Here are some tips they provide on preventing wildfires:

Burning debris

· Obey all local burn bans and restrictions.

· Postpone burning when conditions are dry or windy.

· Establish wide control lines down to bare mineral soil.

· Never leave fire unattended.

· Keep water and hand tools nearby.


      · Remove vegetation from the work area.

· Where vegetation cannot be removed, use a sprayer to wet down the work area prior to starting welding operations. Wet a wider area on the down-wind side from the welding location. If working in the same area for an extended period, re-wet the vegetation surrounding the work site.

· Keep water handy.

· Have someone with you to spot any fires that the sparks ignite so that they can be caught while small.

· Avoid parking vehicles in dry, tall grass.

Baling hay

· Check bearing frequently and stop use if they get too hot.

· Remove any loose hay trapped around rollers-the friction can build up and start a fire.

· Keep a fire extinguisher and field sprayer nearby in case a fire breaks out.


· Check local restrictions on campfires.

· Build and burn campfires in a metal box or fire pit only.

· Do not build a fire in dry, windy conditions.

· Make sure the campfire is at least 15 feet from surroundings and low hanging branches.

· Use an approved gas stove as an alternative for heating and cooking.

· If charcoal grills are permitted, use them only over fire proof surfaces such as asphalt or bare mineral soil.

Using fireworks

· Follow all county and city laws regarding fireworks use.

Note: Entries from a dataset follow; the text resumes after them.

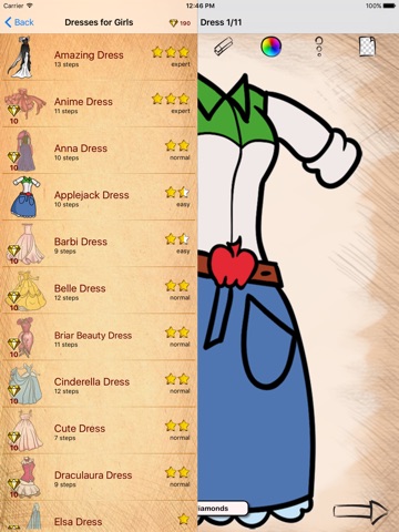 «Art of Draw Dresses for Princess» will become an everyday activity for all family. You will find clear lessons, instructions and tools. 3 levels of complexity for each sketch will also help to develop your artistic skills!
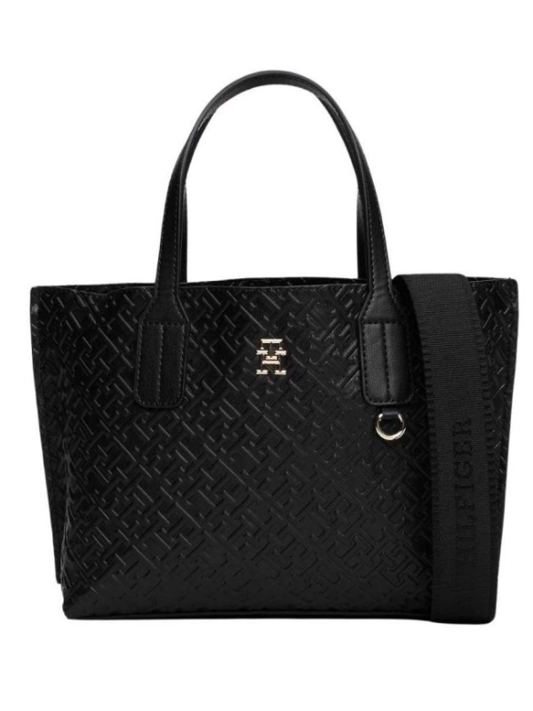 Ženska crna Tommy Hilfiger torba s all-over utisnutim monogramom
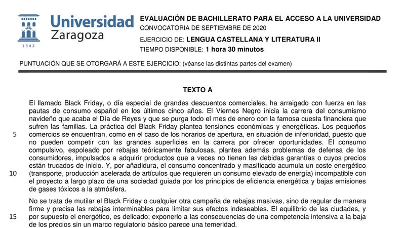 Examen de Lengua Castellana y Literatura selectividad Aragón — Extraordinaria 2020
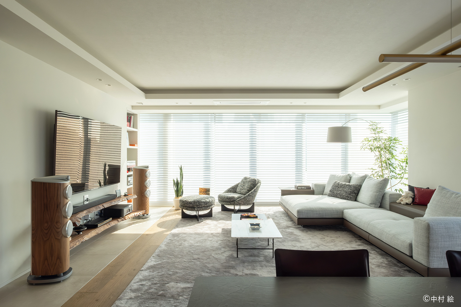 南面の大開口窓から景観を取り込み、採光性を高めた。4m以上の天井高、白を基調とした内装で、より豊かで開放的な空間が実現した。
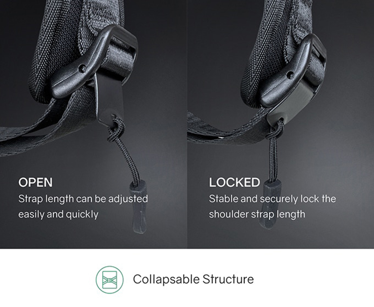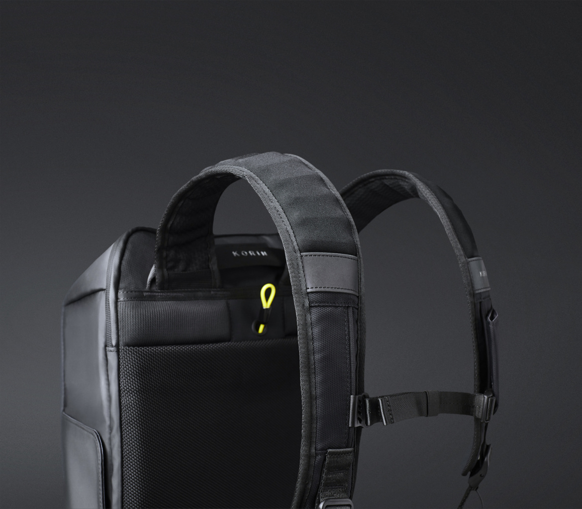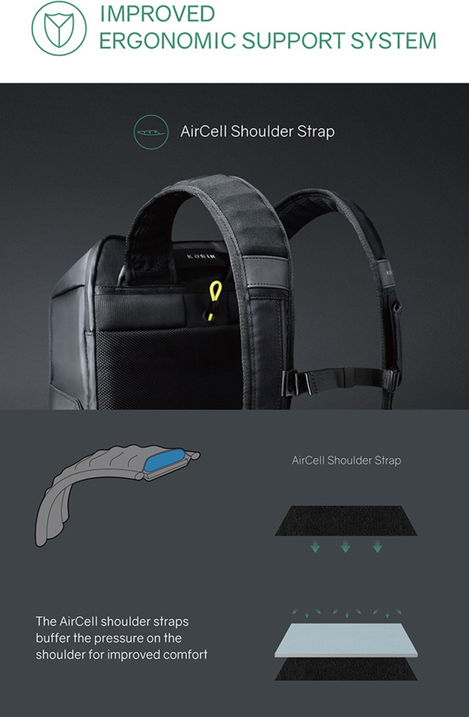 Широкие мягкие лямки рюкзака из дышащей ткани с удобной новой системой регулировки и фиксации пряжек в купе с поперечным ремнем на магнитной пряжке и анатомической конструкцией рюкзака перераспределяют часть нагрузки с плечей и спины на талию и бедра, в результате чего вес рюкзака воспринимается на 20-25% легче, чем при использовании стандартных моделей. Дополнительно на лямках расположен easy access карман с RFID-защитой для кредитной карточки и петельки, за которые можно прицепить очки или проводные наушники.
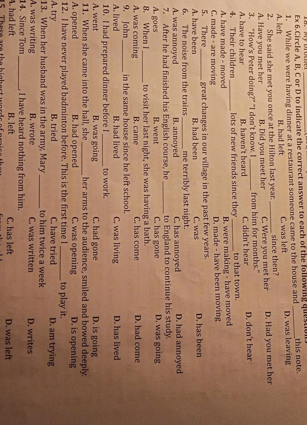 DHNB: before, since + mốc thời gian, for + khoảng thời gian, yet, already, just,....

· Only use fireworks outdoors and away from dry grass and buildings.

· Read the labels and use only as directed, with adult supervision.

· Keep water, wet towels an d a garden hose nearby.

· Allow fireworks to cool completely before handling, and discard used fireworks into a bucket of water.

Using lawn equipment and motor vehicles

· Keep mufflers and spark arresters on lawn care equipment in proper working order and watch out for rocks and metal when mowing

· Dragging chains can start a grass fire along the road without your knowledge. A small piece of hot metal rips off the chain when it comes in contact with the pavement. When in contact with dry vegetation it can ignite a wildfire. Check to make sure your chains are secure and short enough not to drag.

And if you do start a wildfire, be prepared for the consequences. Local resident Cody Hilliard was indicted by a Wise County grand jury last December on four charges of arson of a building/habitation/vehicle reckless causing damage, a state jail felony. The indictment says Hilliard started the fire by using a burn barrel during a burn ban at the end of August last year. That fire burned more than 200 acres and destroyed several buildings and vehicles in the Paradise area.

On a somewhat related but less serious note, I need to thank our online readers, particularly our Facebook followers, for their headline suggestions regarding a wildfire last March that burned 265 acres on the LBJ National Grasslands (luckily, this one didn’t destroy any homes). Once we learned that the fire was started from someone lighting their toilet paper on fire, we couldn’t resist asking our readers for suggested headlines. We had a great response, and I ended up using a modified version of one of the suggestions for our headline: Wipe out: Burning toilet paper cause of 256-acre fire March 11.

That was one of three headlines I entered in the North and East Texas Press Association’s Better Newspaper Contest, and the Wise County Messenger recently received first place in the competition among twice-weekly newspapers. So thank you, readers. This award is definitely shared with you.